Stuffed Squash Recipe

I love squash, and I love that I can find it at the market stalls all year round. But what I love even more is having a recipe that allows me to enjoy this beautiful vegetable while avoiding the annoyance of peeling it! My friend Hugh Fearnley-Whittinstall (well, he’s not really my friend, but for gifting me with this and many other recipes he can’t be an enemy) gave me the most brilliant idea in his book “Veg every day”, and this simple recipe has become “the way” we make squash at the Italian household of Blender and Basil.

2-4 smallish squash (or one large to share – think that a 400g squash can ve a serving)
2 large leeks
250gr chestnut mushrooms (or select your favourite)
125gr pecorino cheese (or another type of strong-flavoured hard type of cheese), finely grated
1 tsp English mustard
4 tbsp crème fraiche
50gr butter
thyme sprigs
salt and pepper

Step 1 – Chop the mushrooms into small cubes.
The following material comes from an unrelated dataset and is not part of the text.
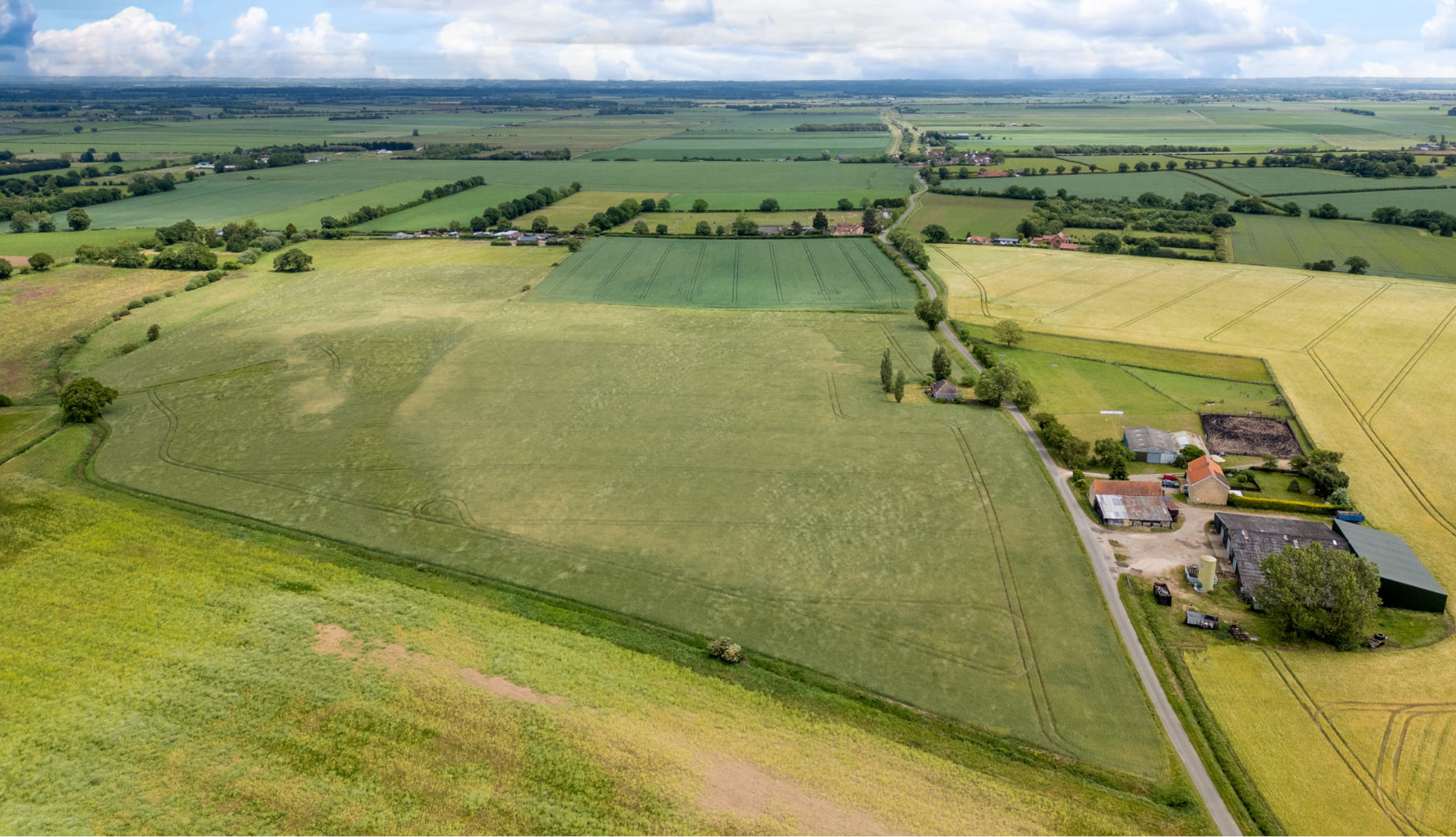
Land at Stone House Farm Branston Booths, Lincoln

In a frying pan heat up half of the butter and once it’s completely melted add the mushrooms. Add a pinch of salt and cook until they lose all the liquid and are tender. Then place them in a bowl.

Step 2 – In the same frying pan, melt the rest of the butter and fry the leeks you previously sliced into very fine rings. Once they begin to sizzle, cover with a lid and let them sweat for about 10 minutes. When they are very soft, add them to the bowl where you placed the mushrooms.
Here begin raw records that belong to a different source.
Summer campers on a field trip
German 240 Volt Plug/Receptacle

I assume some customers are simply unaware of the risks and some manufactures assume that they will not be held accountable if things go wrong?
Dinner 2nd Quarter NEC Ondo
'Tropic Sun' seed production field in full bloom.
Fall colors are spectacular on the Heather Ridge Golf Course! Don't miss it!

Step 3 – Then add the cheese, mustard and crème fraiche and mix together. Add a generous amount of salt and pepper, as it will need extra seasoning to when mixing with the squash.

Step 4 – Slice a very fine part of the peel from the bottom of the squash, so that it can stand up on the oven tray. Then slice a lid off the top. With a small sharp knife, take out all the seeds and fibers, leaving only the flesh.

Step 5 – Fill the squash cavities with the mixture, covering up to one third of the inside. Then place some thyme sprigs on top, and cover with the lid.


Step 6 – Place in the hot oven and bake at 190º for 50-60 minutes or even longer if needed, until the squash feels very soft on the inside. Serve hot!